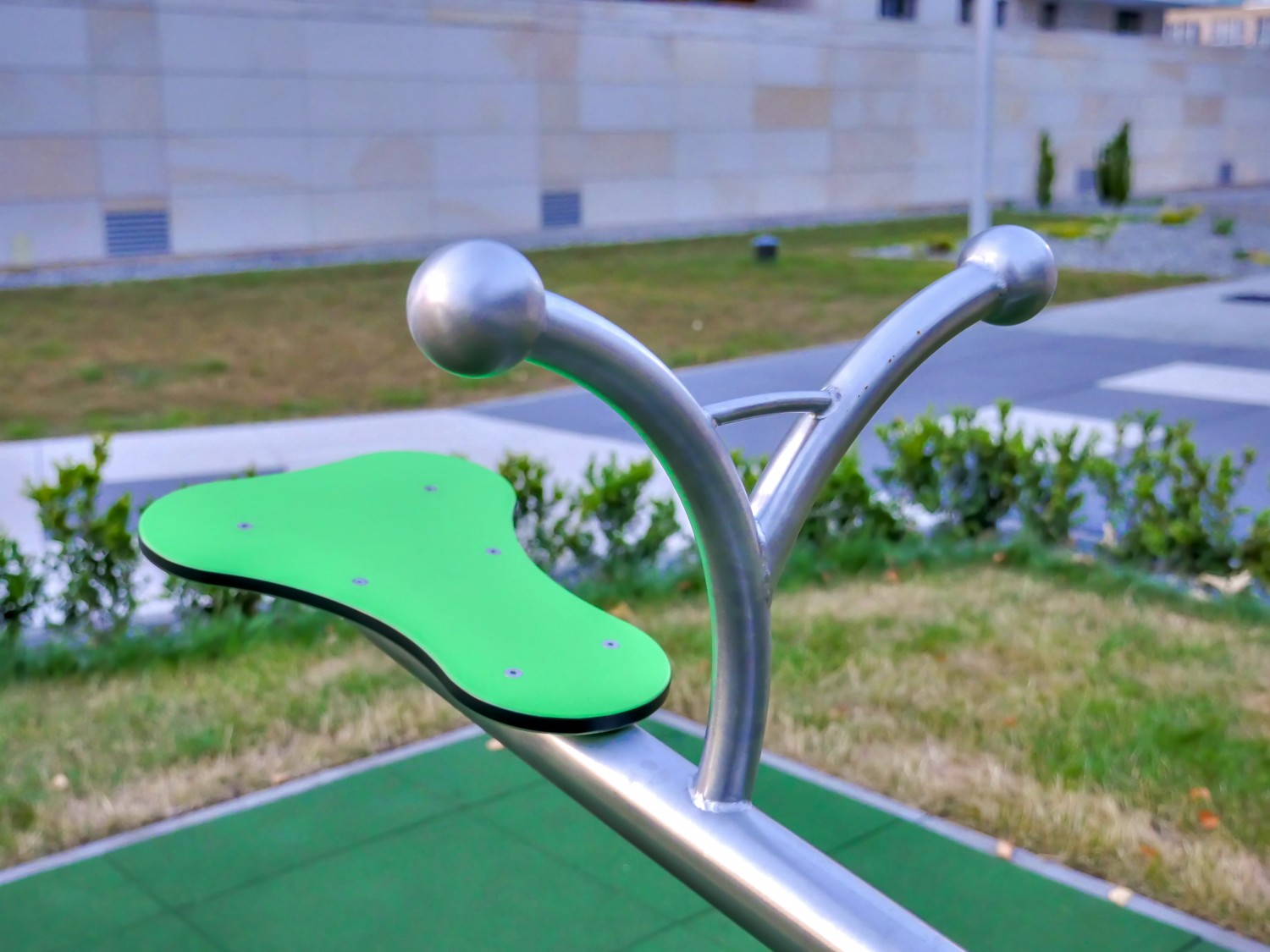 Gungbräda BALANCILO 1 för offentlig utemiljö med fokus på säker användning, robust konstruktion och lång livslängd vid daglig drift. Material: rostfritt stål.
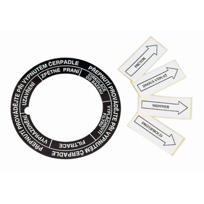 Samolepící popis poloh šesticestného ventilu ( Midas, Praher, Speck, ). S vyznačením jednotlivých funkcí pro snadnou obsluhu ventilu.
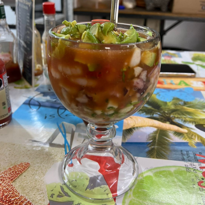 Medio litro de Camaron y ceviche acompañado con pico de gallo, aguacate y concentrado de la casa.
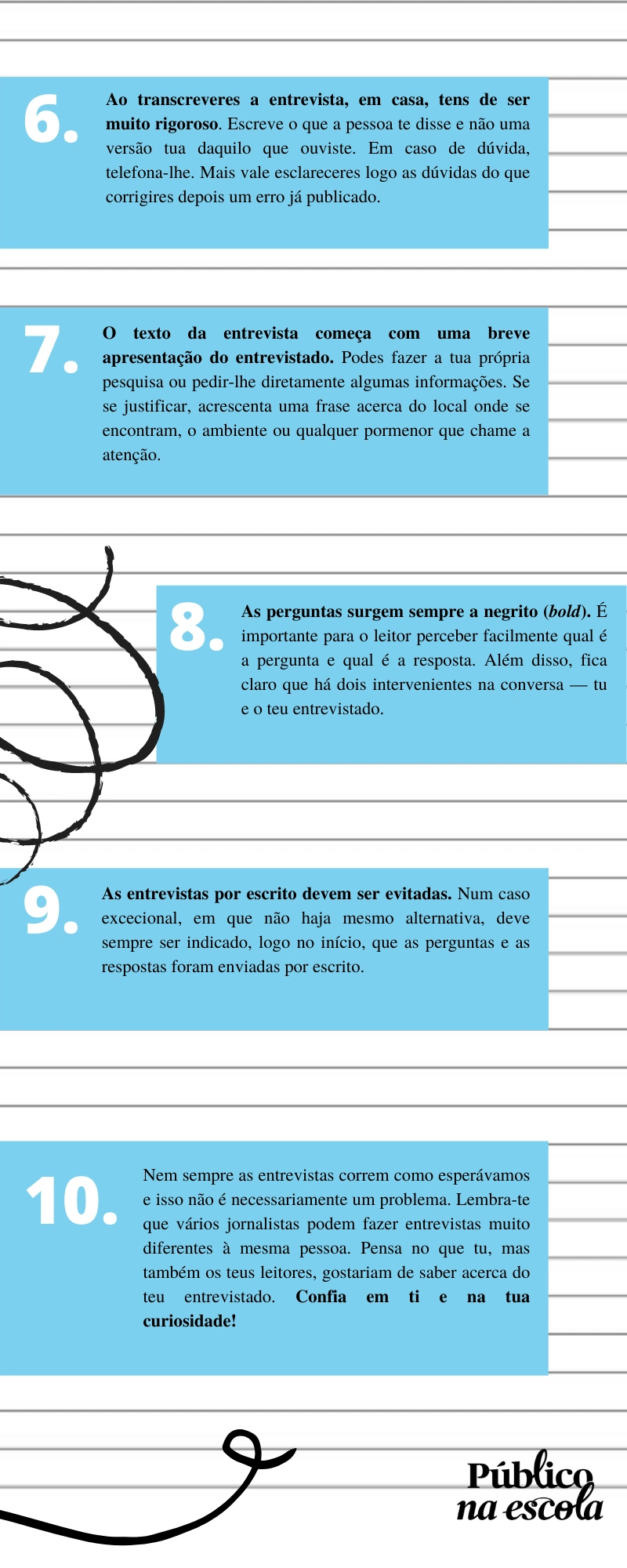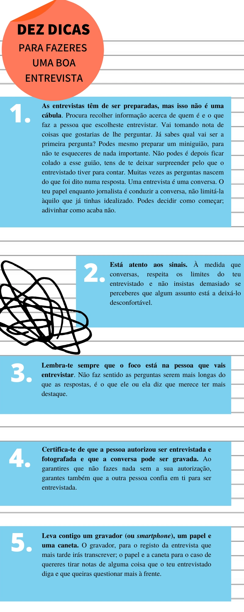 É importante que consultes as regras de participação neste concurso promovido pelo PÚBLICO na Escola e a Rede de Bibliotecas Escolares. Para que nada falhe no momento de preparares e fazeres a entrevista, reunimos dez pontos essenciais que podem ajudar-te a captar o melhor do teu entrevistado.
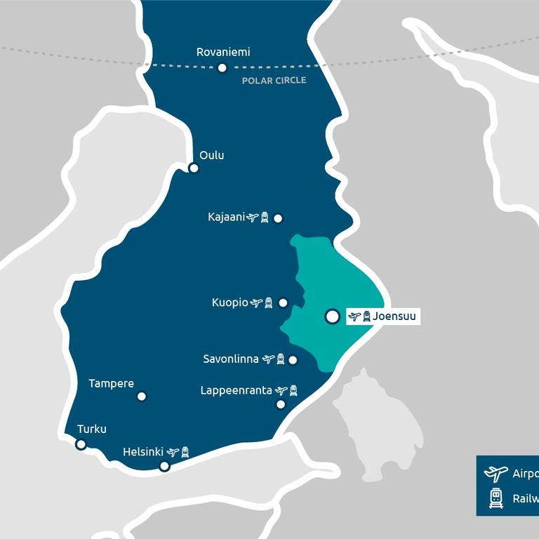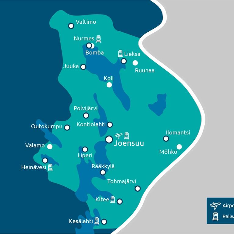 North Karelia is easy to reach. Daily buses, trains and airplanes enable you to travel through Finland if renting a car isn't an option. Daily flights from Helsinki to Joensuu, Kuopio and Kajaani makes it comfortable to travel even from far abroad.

──────────

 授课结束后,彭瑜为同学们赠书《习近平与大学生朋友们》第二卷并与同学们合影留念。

──────────

# The problem
Although pictures appear among the records above, write out exactly only the lines from the one that has "Gungbräda BALANCILO 1" through the one that has "Medio litro de", and leave the pictures out.

# The answer
 Gungbräda BALANCILO 1 för offentlig utemiljö med fokus på säker användning, robust konstruktion och lång livslängd vid daglig drift. Material: rostfritt stål.
 Samolepící popis poloh šesticestného ventilu ( Midas, Praher, Speck, ). S vyznačením jednotlivých funkcí pro snadnou obsluhu ventilu.
 Medio litro de Camaron y ceviche acompañado con pico de gallo, aguacate y concentrado de la casa.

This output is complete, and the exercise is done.